*Exercise details:*
Write out exactly the lines of the entries below from the one holding "中国甘肃在线宕昌讯 军歌嘹亮" to the one holding "The property is", inclusive, and leave out all other lines.

[[ Extracted data, beginning ]]

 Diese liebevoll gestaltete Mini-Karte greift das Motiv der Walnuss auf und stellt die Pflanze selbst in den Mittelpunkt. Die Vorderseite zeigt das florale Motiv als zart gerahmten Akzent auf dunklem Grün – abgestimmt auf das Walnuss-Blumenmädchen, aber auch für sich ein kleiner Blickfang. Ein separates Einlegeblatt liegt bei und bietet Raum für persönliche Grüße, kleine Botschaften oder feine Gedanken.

[[ Extracted data, end ]]
[[ Extracted data, beginning ]]

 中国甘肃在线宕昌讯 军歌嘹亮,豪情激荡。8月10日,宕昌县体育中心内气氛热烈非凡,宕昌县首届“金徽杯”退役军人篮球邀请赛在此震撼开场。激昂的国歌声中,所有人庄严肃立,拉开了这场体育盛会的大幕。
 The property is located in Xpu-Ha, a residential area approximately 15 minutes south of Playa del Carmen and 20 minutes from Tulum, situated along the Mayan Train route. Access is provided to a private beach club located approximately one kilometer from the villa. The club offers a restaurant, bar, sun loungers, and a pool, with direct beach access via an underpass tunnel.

[[ Extracted data, end ]]

*The answer:*
 中国甘肃在线宕昌讯 军歌嘹亮,豪情激荡。8月10日,宕昌县体育中心内气氛热烈非凡,宕昌县首届“金徽杯”退役军人篮球邀请赛在此震撼开场。激昂的国歌声中,所有人庄严肃立,拉开了这场体育盛会的大幕。
 The property is located in Xpu-Ha, a residential area approximately 15 minutes south of Playa del Carmen and 20 minutes from Tulum, situated along the Mayan Train route. Access is provided to a private beach club located approximately one kilometer from the villa. The club offers a restaurant, bar, sun loungers, and a pool, with direct beach access via an underpass tunnel.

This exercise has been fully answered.